Les cinq jours suivant passent comme dans un rêve... ou un cauchemar.  On nous apporte à manger dans la chambre, nous commençons à sortir de notre hébétude, nous continuons de faire notre deuil, et nous dormons énormément.  Je ne vais pas bien, mais je vais mieux, et bientôt, il faudra que j'affronte mes amis afin de leur révéler toute la vérité.

John et Éric sont aux abonnés absents, mais ils ont fort à faire avec leur père.   Je reste donc avec Marina, Brigitte et Carine, mais je préfère attendre que nous soyons tous réunis pour tout leur raconter.  Nous parlons énormément des évènements de ces derniers jours.  C'est très difficile, mais ça nous permet de soulager notre traumatisme et de réapprendre à vivre.

Nous sommes à la nuit du sixième jour quand John vient me chercher.  Je ne sais pas exactement quelle heure il est quand il entre dans notre chambre et vient me réveiller le plus doucement possible, évitant au maximum de déranger le sommeil des autres.

— Je suis désolé, me dit-il, mais il faut que tu viennes avec moi.

Je me lève donc et l'accompagne. Je n'ai pas le courage de lui demander ce qu'il se passe.  Je m'attends à une catastrophe de plus.

Il s'arrête devant une porte, mais se tourne vers moi avant de l'ouvrir.

— Alia, je veux que tu saches que, quoi qu'il se passe dans ce bureau, je t'aime, et rien ne pourra jamais changer ça !

Un sourire triste flotte sur ses lèvres, et je me hisse sur la pointe des pieds pour y déposer un tendre baiser.

— Moi aussi je t'aime, lui dis-je ensuite.

C'est la première fois que je le lui dis, et je me rends compte, à présent, au milieu de tout ce chaos, que c'est lui, et non Éric, que j'aime réellement.  Mes sentiments pour Éric sont purement amicaux.  Très fort, certes, mais je sais à présent que ce n'est pas de l'amour au sens propre.

Cette révélation me tombe dessus comme un soulagement.  Il a fallu en passer par l'enfer pour que je parvienne à cette conclusion, mais je n'ai pas le temps de savourer ce moment, ni même de le partager avec John, car déjà, la porte s'ouvre.
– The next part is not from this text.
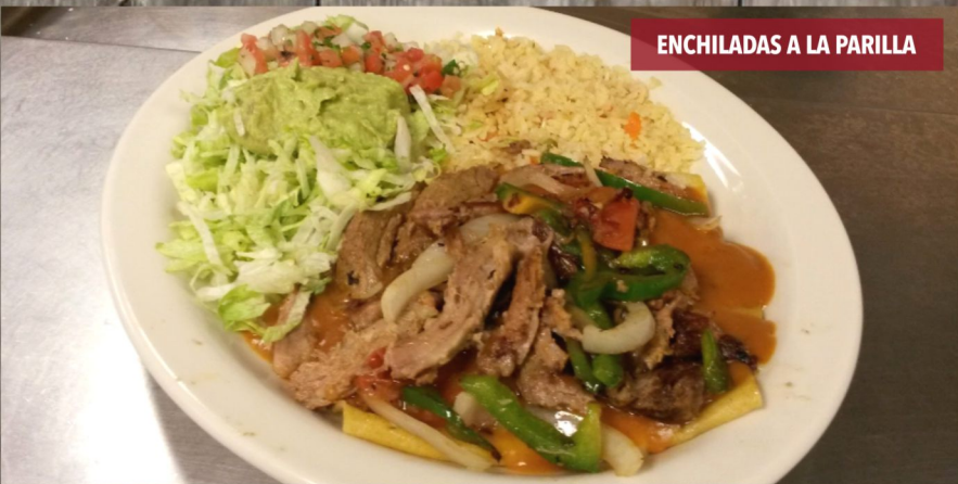
ENCHILADAS A LA PARILLA

Children 10 and under only. Drinks are not included.

À l'intérieur, assis à un bureau de fortune, se tiennent Sire Bernard, Éric, et le petit Phoenix chauve et bedonnant que j'ai vu à mon procès.
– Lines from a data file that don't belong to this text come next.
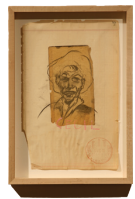
Kit Keith , Cecil , 2006 mixed media on paper, 15 1/2 x 10" Gift courtesy of the artist and William Shearburn Gallery Value: $850
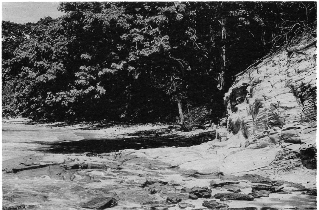
2. "Askoy" Station 110. Northwest corner of Contadora Island, Perlas Islands, Panama. Uca panamensis is found under stones at the ends of such beaches
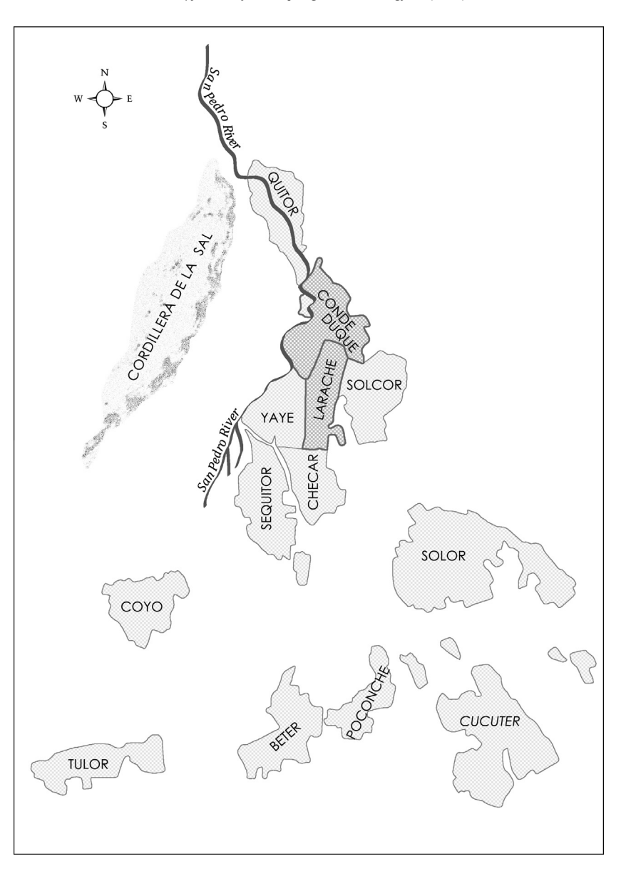
Fig. 2. San Pedro de Atacama's ayllus.

have been as direct as previously suspected, since they may have been mediated by secondary centers such as Cochabamba (Uribe and Agüero, 2001) or Potosí-Chuquisaca (Thomas et al., 1985). The active role of local communities in the interaction between SPA and Tiwanaku has also been increasingly considered. This latter shift in the understanding of the period is mostly the outcome of new theoretical approaches to the political organization of Tiwanaku (i.e. Albarracín-Jordán, 1996; Goldstein, 2007; Janusek, 2004; Stanish, 2002) and the understanding of colonial interactions (Stein, 2002), as well as the recognition of identity as a political construction (Berenguer, 1994; Stovel, 2002, 2005). The latter approach was pioneered in SPA by Uribe and Agüero (2001, 2004; see also Berenguer and Dauelsberg, 1989) and has received important support from contributions by Stovel (2001, 2002, 2005) and more recently by Torres-Rouff (2008) and Nado et al. (2012) from a bioarchaeological perspective.

— Je te présente Monsieur Regen, notre Phoenix, me dit John.

— Enchantée, lui dis-je en lui tendant la main, qu'il serre brièvement.

— Mademoiselle Alia, me salue Sire Bernard.  Je suis navré de vous avoir fait réveiller au milieu de la nuit, mais il faut absolument que je vous parle.  John, Éric, je vais vous demander de sortir, s'il-vous-plait.

Ils protestent vivement tous les deux, mais leur père ne leur laisse pas le choix, et je les rassure d'un hochement de tête.  J'ai survécu au Roi, et je ne doute pas que les intentions de Sire Bernard ne soient pas belliqueuses.

Une fois ses fils sortis, il se tourne vers moi en me souriant.

— Je me doute que tout ceci ne doit pas être évident pour vous, mais sachez que, même s'il était mon frère, je dois vous remercier d'avoir mis fin au règne du Roi.  Il était devenu fou, et il y a eu trop de morts en si peu de temps à cause de sa folie.